Anthem Inc. and WellPoint Health Networks Inc. completed their $16.5 billion merger on Tuesday, after making concessions to Georgia’s insurance commissioner that removed the final regulatory resistance to creating the nation’s largest health plan.

The new insurer, to be called Wellpoint, will have 28 million members nationwide, including more than 7 million in California.

To move the deal forward, the companies agreed to spend $126.5 million on rural health programs in Georgia, the last state to approve the merger.

Last month, the health plans secured the approval of California Insurance Commissioner John Garamendi after pledging to spend $265 million on medical programs for poor Californians.

Anthem’s chairman and chief executive, Larry Glasscock, who will be president and chief executive at the new company, said during a Tuesday conference call that the merger created “a tremendous opportunity to transform our industry” through efforts to extend coverage to the uninsured and underinsured.

“This merger … provides us with the opportunity to offer more value to our members, employers, physicians and hospitals.” Glasscock said in a prepared statement.

The new company will have its headquarters in Indianapolis. Wellpoint subsidiary Blue Cross of California will retain its headquarters in Thousand Oaks.

Leonard Schaeffer, chairman of WellPoint Health Networks prior to the merger, will be chairman of the board of directors at the new company.

“This merger is a great strategic and geographic fit,” Schaeffer said in a prepared statement.
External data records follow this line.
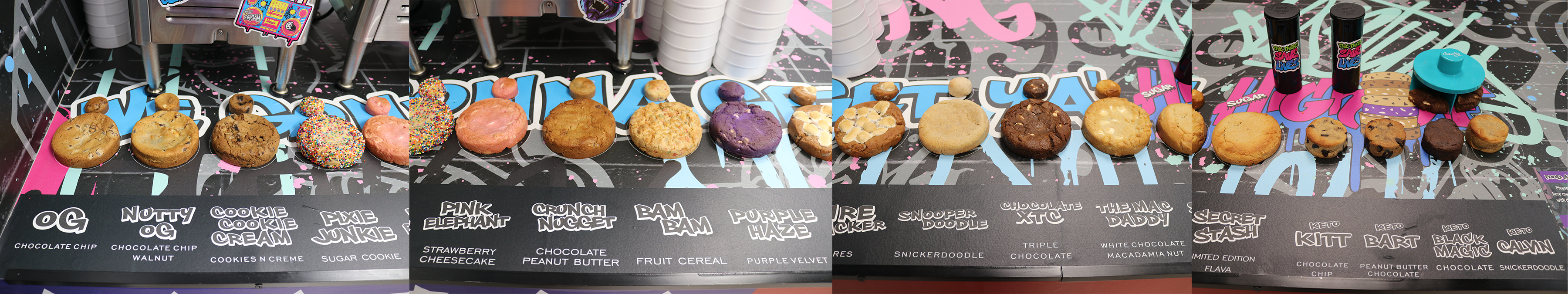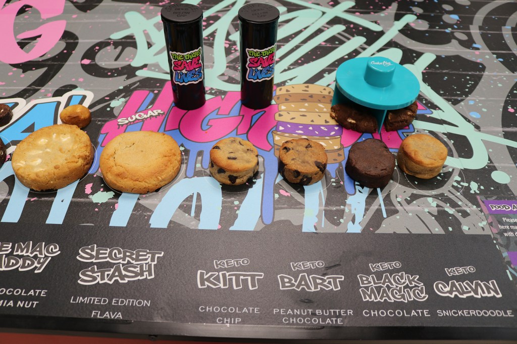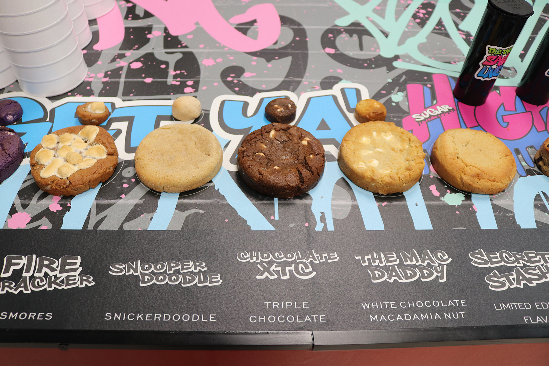 But let’s get to the cookies! Firecracker, Pixie Junkie, OG, Nutty OG, Purple Haze, Bam Bam, Cookie Cookie Cream, Chocolate XTC, Pink Elephant, Mac Daddy, Crunch Nugget, Snooperdoodle, Kitt (Keto), Bart (Keto), Black Magic (Keto), Calvin (Keto): All available daily plus and ONE “Secret Stash” that changes monthly).The cookies are large (4” wide by 1” tall), unless you opt for the two-bite sized “Poppers” that allow you to sample several flavors at a time.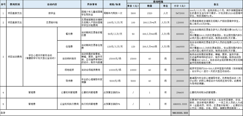 总预算9813333.33万元,预计可覆盖帮扶人群1520人次: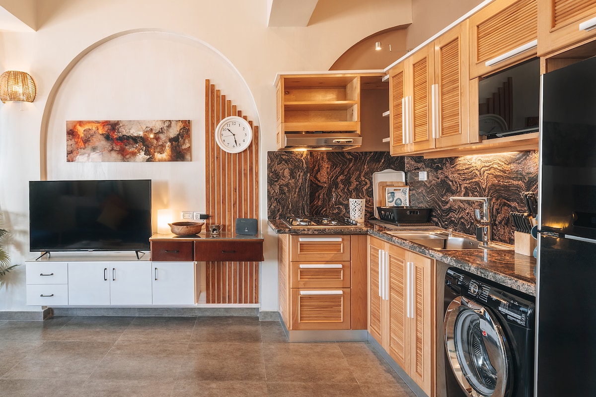 C'est une maison loin de chez vous, parfaitement située entre les montagnes et la mer Rouge - tout simplement magique ! C'est une maison d'une chambre très confortable et spacieuse d'environ 90 mètres carrés. À seulement quelques minutes à pied de la mer Rouge, ainsi que de petits supermarchés, d'une laverie, de restaurants et de bars, cet endroit est parfait pour une courte pause ou un séjour plus long. En tant que nomade numérique moi-même, je l'ai conçu pour qu'il soit parfaitement situé pour les voyageurs travaillant en ligne. J'ai hâte de vous accueillir chez moi :)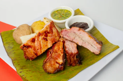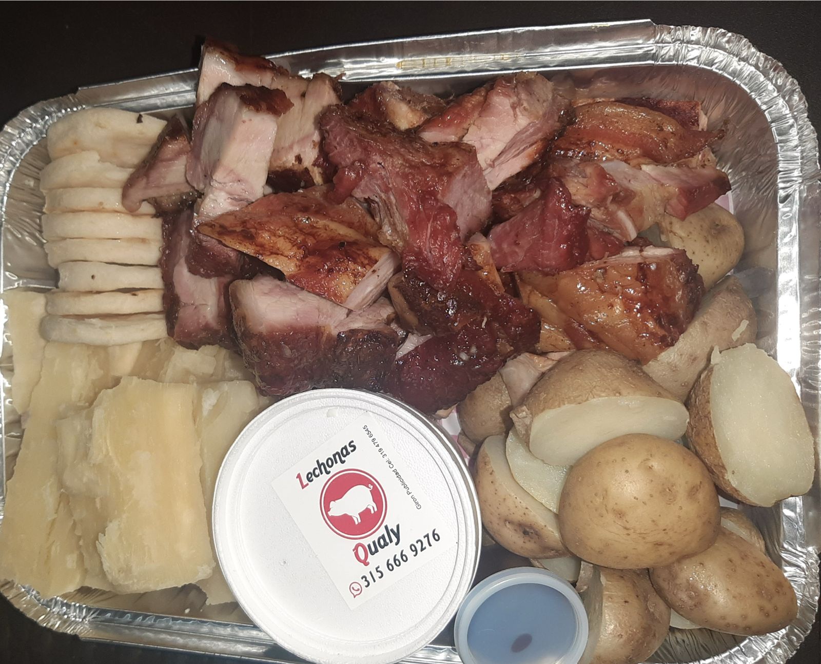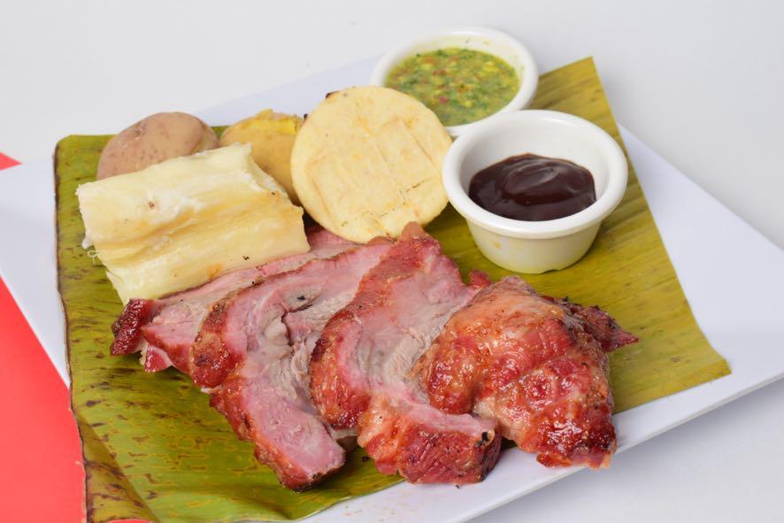 600 gramos De bondiola y falda de cerdo horneadas, con papa, yuca, arepa, guacamole y salsa BBQ.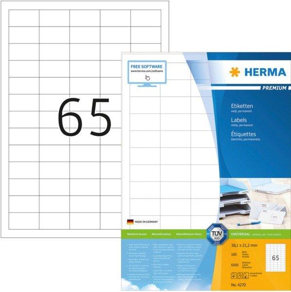Stampate le vostre etichette personalizzate con queste etichette permanenti PREMIUM sviluppate dalla HERMA. Queste etichette autoadesive che misurano 38,1x21,2 mm su fogli A4 sono disponibili in set di 100 fogli per confezione, 6500 etichette per confezione. Sono spesse, robuste, facili da incollare e garantiscono un'adesione permanente. Potete utilizzare queste etichette permanenti per il vostro ufficio, progetti casalinghi e scopi commerciali.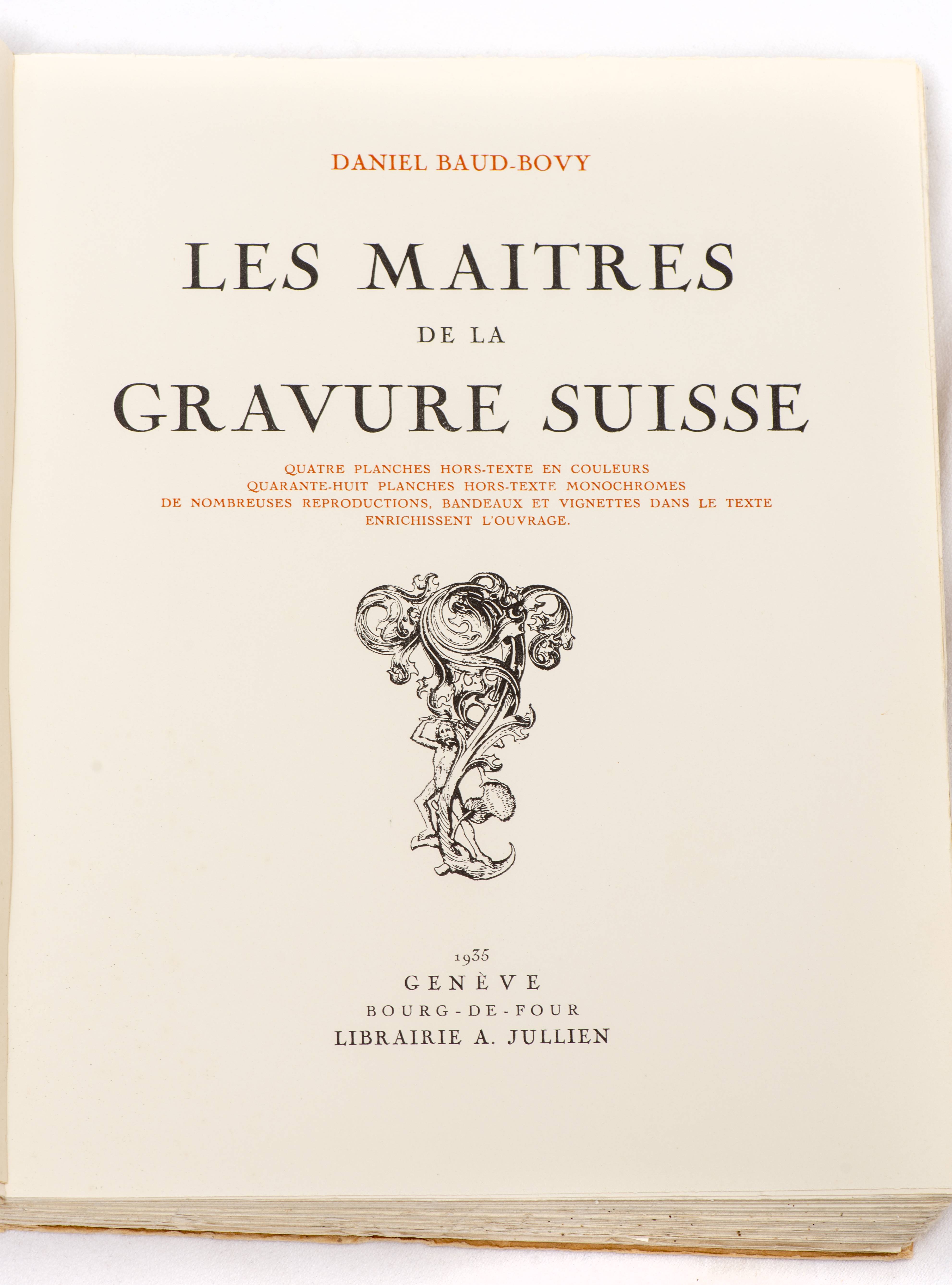 - Baud-Bovy, Daniel, "Les maîtres de la gravure suisse", Editions du Journal de Genève, Genève, 1935.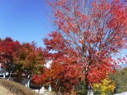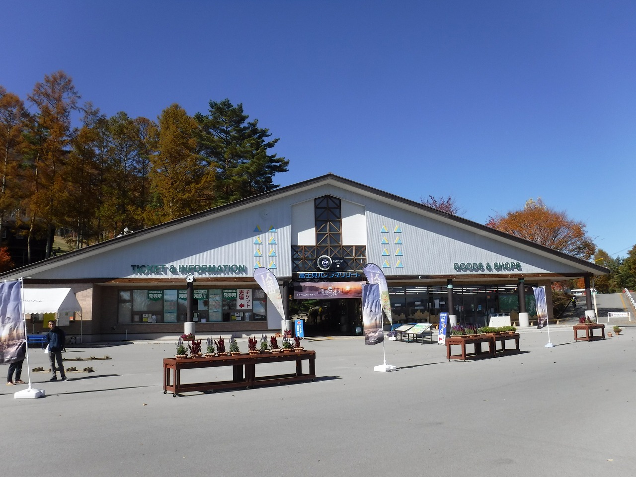 富士見パノラマリゾート駐車場に車をとめゴンドラ乗り場に向かいます、道路脇のイチョウの木も紅葉の真盛りでした。 |

Consumer groups, however, continued to criticize the merger.

“All those investments in health care for the poor are investments that will yield a return for the company. That return goes into shareholders’ pockets, not into consumers’ wallets,” said Jamie Court, executive director of the Foundation for Consumer and Taxpayer Rights, a California advocacy group.

His group filed a lawsuit last week accusing Blue Cross of California of failure to pay hundreds of millions in taxes on its premium revenues. With the exception of Blue Cross, every investor-owned health plan in the state pays premium taxes on revenues from certain managed care plans regulated by the Department of Insurance. The suit asked the state to collect those taxes from Blue Cross.
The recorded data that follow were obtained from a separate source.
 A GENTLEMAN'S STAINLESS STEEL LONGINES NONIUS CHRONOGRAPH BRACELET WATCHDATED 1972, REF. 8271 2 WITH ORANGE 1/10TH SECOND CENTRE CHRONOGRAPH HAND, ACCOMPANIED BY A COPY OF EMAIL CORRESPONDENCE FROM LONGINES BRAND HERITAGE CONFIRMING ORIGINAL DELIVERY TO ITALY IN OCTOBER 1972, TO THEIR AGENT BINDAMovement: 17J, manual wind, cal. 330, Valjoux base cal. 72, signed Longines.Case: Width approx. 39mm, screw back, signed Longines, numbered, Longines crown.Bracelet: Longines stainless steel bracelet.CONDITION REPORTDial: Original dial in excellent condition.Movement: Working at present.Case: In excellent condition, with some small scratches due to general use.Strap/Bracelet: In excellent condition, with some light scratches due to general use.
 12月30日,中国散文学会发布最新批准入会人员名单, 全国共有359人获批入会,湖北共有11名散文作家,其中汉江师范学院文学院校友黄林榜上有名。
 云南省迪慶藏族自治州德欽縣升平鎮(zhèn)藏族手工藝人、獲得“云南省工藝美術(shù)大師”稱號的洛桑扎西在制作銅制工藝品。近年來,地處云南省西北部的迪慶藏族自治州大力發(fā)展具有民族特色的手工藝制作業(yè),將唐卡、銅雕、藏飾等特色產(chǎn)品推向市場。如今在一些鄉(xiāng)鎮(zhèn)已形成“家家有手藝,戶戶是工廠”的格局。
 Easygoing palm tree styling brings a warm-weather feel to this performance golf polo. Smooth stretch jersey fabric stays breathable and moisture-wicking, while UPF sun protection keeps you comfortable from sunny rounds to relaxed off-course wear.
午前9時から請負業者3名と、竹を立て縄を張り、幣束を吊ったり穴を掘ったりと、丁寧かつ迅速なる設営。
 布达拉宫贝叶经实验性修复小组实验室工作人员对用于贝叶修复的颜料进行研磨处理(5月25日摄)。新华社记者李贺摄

A spokesman for WellPoint, parent company of Blue Cross of California, would not comment on the litigation but said Blue Cross had paid all taxes required by law.
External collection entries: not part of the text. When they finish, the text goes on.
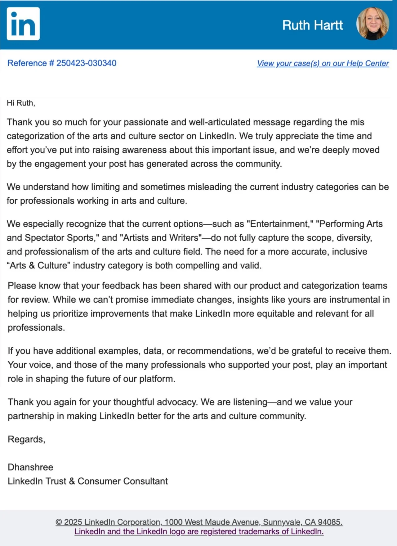 Open Letter to LinkedIn: Arts & Culture Belongs Here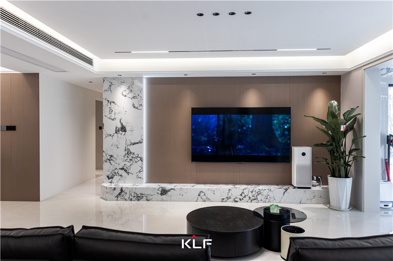 木質(zhì)電視背景墻邊圍以大理石紋磚做突出,沙發(fā)背景墻整面立柜設(shè)計(jì),玻璃柜、木質(zhì)柜做拼接,以穿插設(shè)計(jì)、拉手造型做個(gè)性化,彰顯美感。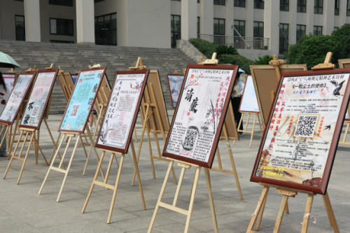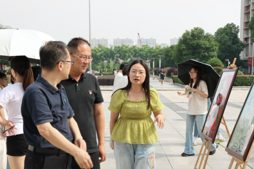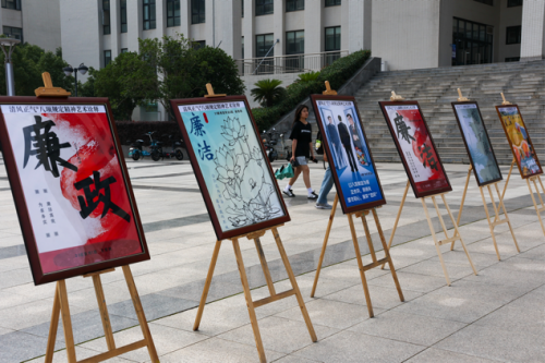 6月4日下午三点,在图书馆广场前,中国·yl6809永利集团党组织开展了“践行八项规定精神,筑牢廉洁自律防线”作品展。本次活动特别邀请校党委书记杜永成现场指导,中国·yl6809永利集团党总支书记谭辉军、分团委书记谢晓梅以及辅导员和学生党支部全体参加。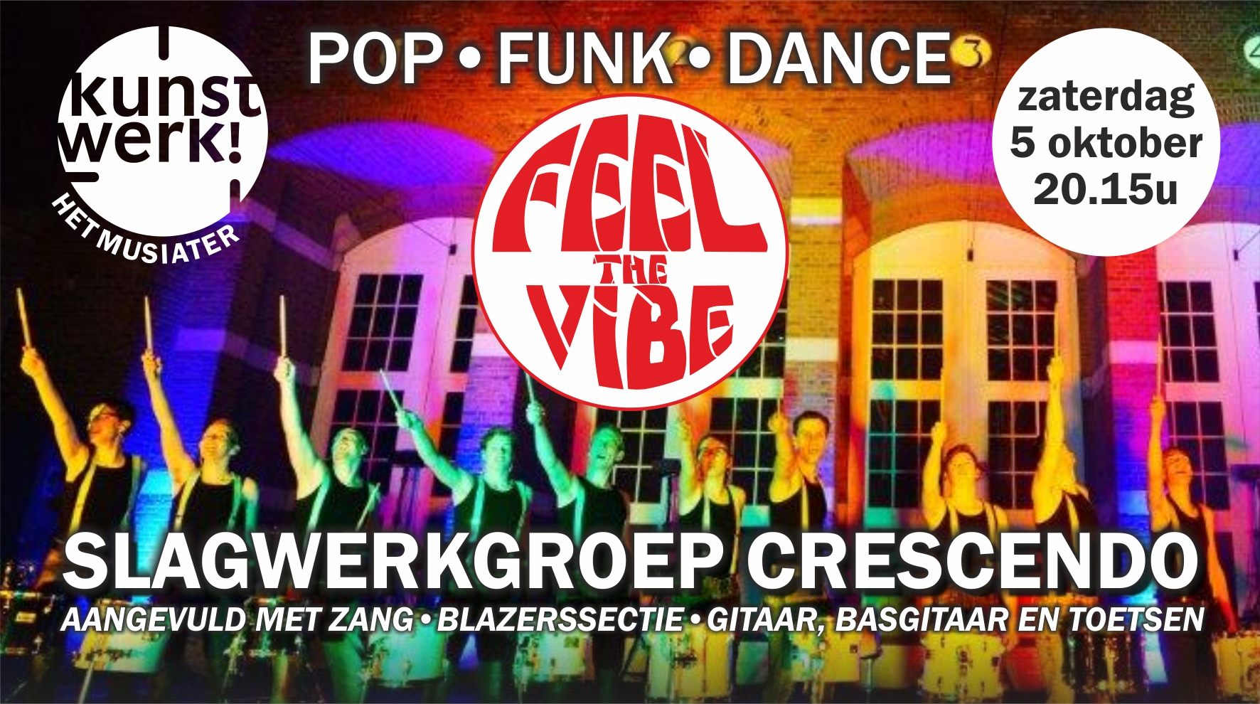 Swingende popmuziek, spectaculair slagwerk en hedendaagse housemuziek gecombineerd met moderne slagwerkcomposities. Slagwerkgroep Crescendo wordt bij dit programma aangevuld met zangeressen, een blazerssectie en een combo bestaande uit gitaar, basgitaar, toetsen en drums. “De combinatie van slagwerk met blazers en zang geeft een unieke sound,” aldus dirigent John Sonderen, die de leiding heeft over de groep fanatieke slagwerkers. Sonderen: “We hebben een doorlopend programma ontwikkeld, dat je gehoor prikkelt en een lust is voor het oog. Je gaat het zelfs voelen; het programma heet dan ook ‘Feel the Vibe’.”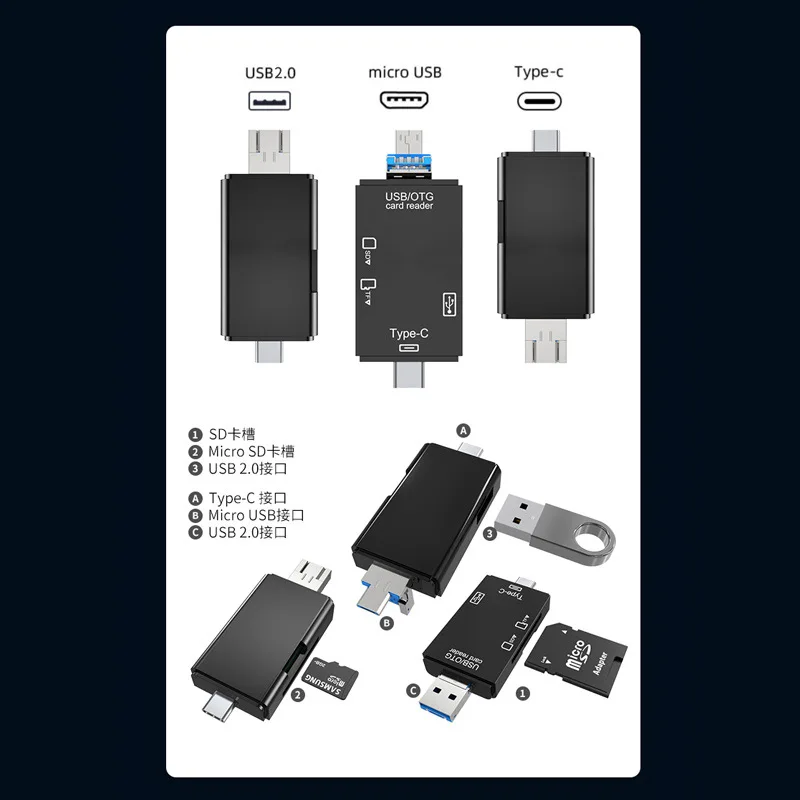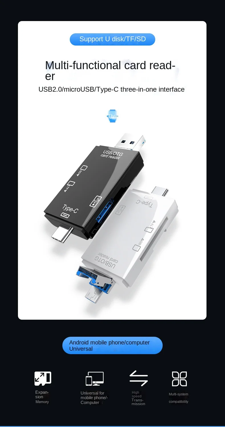 OTG кардридер 3-в-1 с разъемами типа C, Micro USB и USB, высокоскор...

Blue Cross managed care plans are regulated by another state entity, the Department of Managed Health Care, and plans regulated by the DMHC are not required to pay gross premium taxes.

It’s unclear whether the merger deal would shield WellPoint or the former Anthem from paying any back taxes the courts might determine that Blue Cross owed in California. WellPoint referred questions about any settlement provisions in the merger to Anthem. Several spokesmen at Anthem did not return a series of calls seeking comment.

The merger was announced after stock markets closed for the day. In trading before the announcement, shares of both companies rose on the New York Stock Exchange. WellPoint rose $2.08 to close at $125.10 a share, while Anthem climbed $1.73 to close at $101.33. Starting today, shares of the new company, WellPoint, will trade under the WLP symbol on the same exchange.